Tarım ve Orman Bakanımız, mecliste milletvekillerine bilgi verirken zarar eden çiftçimiz olmaması lazım dedi.

Tarım ve Orman Bakanımız, mecliste milletvekillerine bilgi verirken zarar eden çiftçimiz olmaması lazım dedi. Aslında eden olabilir manasına geliyordu. Daha önce zarar eden çiftçi görmedim diyordu. Çiftçinin masraflarının arttığını fark etmiş olmalı ki zarar eden olmaması lazım şeklinde yumuşak bir ifade kullanmış.

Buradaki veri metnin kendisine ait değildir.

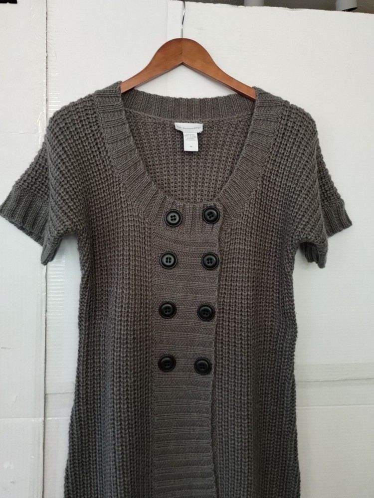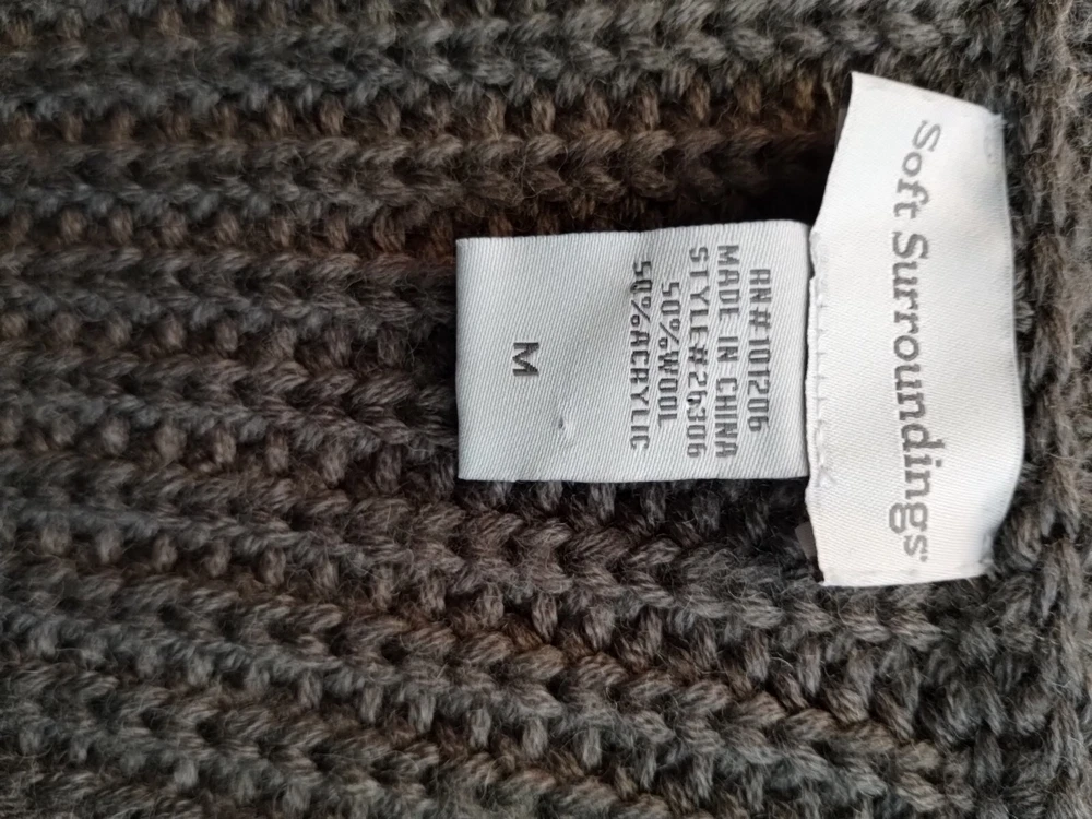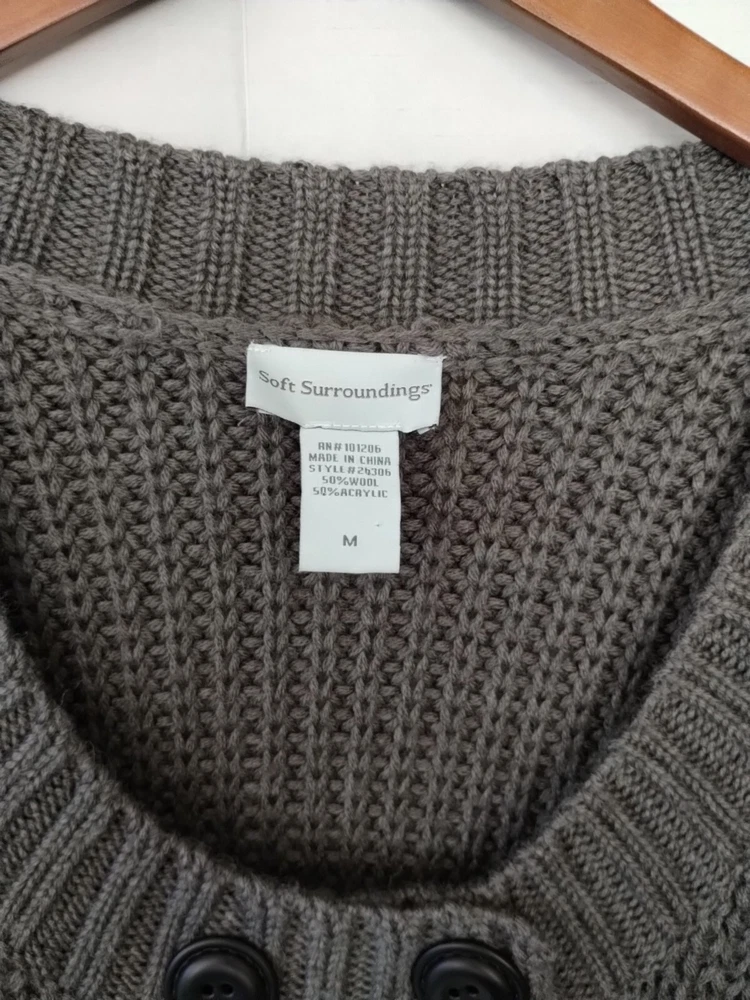 Elevate your casual look with this Soft Surroundings gray tunic/dress. Made of a comfortable and cozy knit fabric, this top is perfect for any casual occasion. The short sleeves and round neckline add a touch of elegance, while the solid pattern and academic style give it a classic look. This tunic is designed for women, with a regular size type and a medium size. It can be paired with any bottoms for a chic and stylish outfit. The material is a combination of wool and acrylic, making it soft and durable. Get this Soft Surroundings tunic and enjoy the comfort and style it brings to your wardrobe. Pit to pit 17 inches Length 35 inches 50% wool
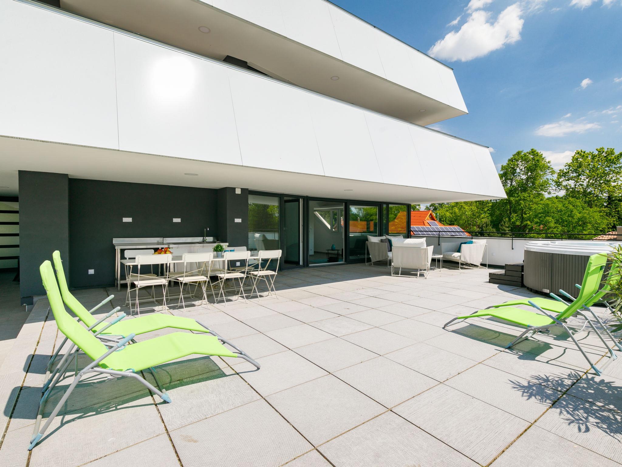 Balatonszemes 7 km from Balatonlelle: Modern, beautiful apartment block, built in 2020. In the resort, in a central position, 100 m from the lake, 350 m from the beach. For shared use: swimming pool angular heated (8 x 20 m, seasonal availability: 15.May. - 15.Sep.). In the house: internet café, WiFi, lift, sun terrace. Breakfast on request (extra). Grocery 200 m, restaurant 100 m, railway station 450 m, grass beach 300 m. Sports harbour 100 m. Nearby attractions: Tihany 14 km.

Çiftçi yanlış yaptığı için zarar ediyor. Zarar ede ede, buğday, arpa, mercimek, nohut, fasulye, susam ekmekten vazgeçmeye başladı ve memleketi elin gavuruna mecbur etti. Dış güçler yüzünden buğdayın anavatanında, üretilenden daha fazla buğday ithal eder hale geldik. Sırada arpa görünüyor. O da Anadolu kökenli.
Evet çiftçimiz yanlış yapıyor. Bu nedenle zarar ediyor. Aslında çok kestirme yolları var. Tarlayı kökünden satsa hiç zarar etmez. Millet ne yiyecek diye bir derdi de olmaz. Kredi borçlarını, faizlerini, gübre, tohum, ilaç paralarını nasıl ödeyeceğim diye de düşünmez. Hatta bu sene fiyatlar nasıl olur diye de bir derdi olmaz.
Çiftçinin zarar etmemesi lazım. İkinci kolay yolu da tarlayı kafadan kiraya vermektir. Başkası zarar etsin. Ne gerek var ekip de zarar etmeye. Zaten eksen bile senelerdir elin gavuruyla yarış yaptırıyorlar. Gümrük vergilerini kaldırıp, malın fiyatını yerlerde süründürüyorlar. Harmanda ele geçen para borçların faizini bile karşılamıyor. Ne dert edeceksin. Zaten para var ithal ederiz deyip, elin gavuruna para kazandırmıyorlar mı?
Çiftçinin zarar etmemesi lazım. Üçüncü en önemli yol üretim maliyetlerini düşürmek gerekiyor. Çok kolay aslında. Akşama kadar 8 liralık elektrik yakan elektrikli traktörden alması lazım. Böyle olunca dönüme mazot masrafı 10 kuruşa düşüverir. Hatta 5 kuruşluk daha elektrik yükledin mi toprağı un ufak edersin. Elin kontağa giderken de titremez.
Şimdi on kuruşa tarlayı sürüp işlemek mesele olmaktan çıktı. Ancak ekmek için tohum lazım, taban gübresi lazım, çimen gübresi lazım, ot ilacı lazım, lazım da lazım. Hepsi pahalanmış. Hadi elektrikli biçerdöver ile 5 kuruşa hasat etmek mümkün tarlayı. Ama diğer masrafları ne yapmak lazım. Elbette onların da bir çaresi var. Ekmezsen hiçbir masraf olmayacak gerçi ama beleşe işlenmiş bir tarlayı da ekmesen olmaz. Onların da elektriklileri olsaydı iyi olurdu ama. Hani elektrikli ot öldüren falan. Gerçi Ruslar bir defa ekilip 5-6 sene biçilen çok yıllık buğdayı elde etmeye çalışıyorlardı ama daha başaramadılar.
Kontrolsüz yapılan ithalatlar çiftçinin alın terini toprağa gömdüğü gibi, üretimden elini eteğini de çektirmeye devam ediyor. Rakamlar ortada. Dünyanın en fazla buğday ithal eden ülkesi Türkiye. Mercimek, nohut, arpa ve mısır ithalatında ilk onda yer alıyor. Toplamda 130 gıda kaleminde ithalat devam ediyor. Türk çiftçisi kazansa ithalata gerek kalır mı?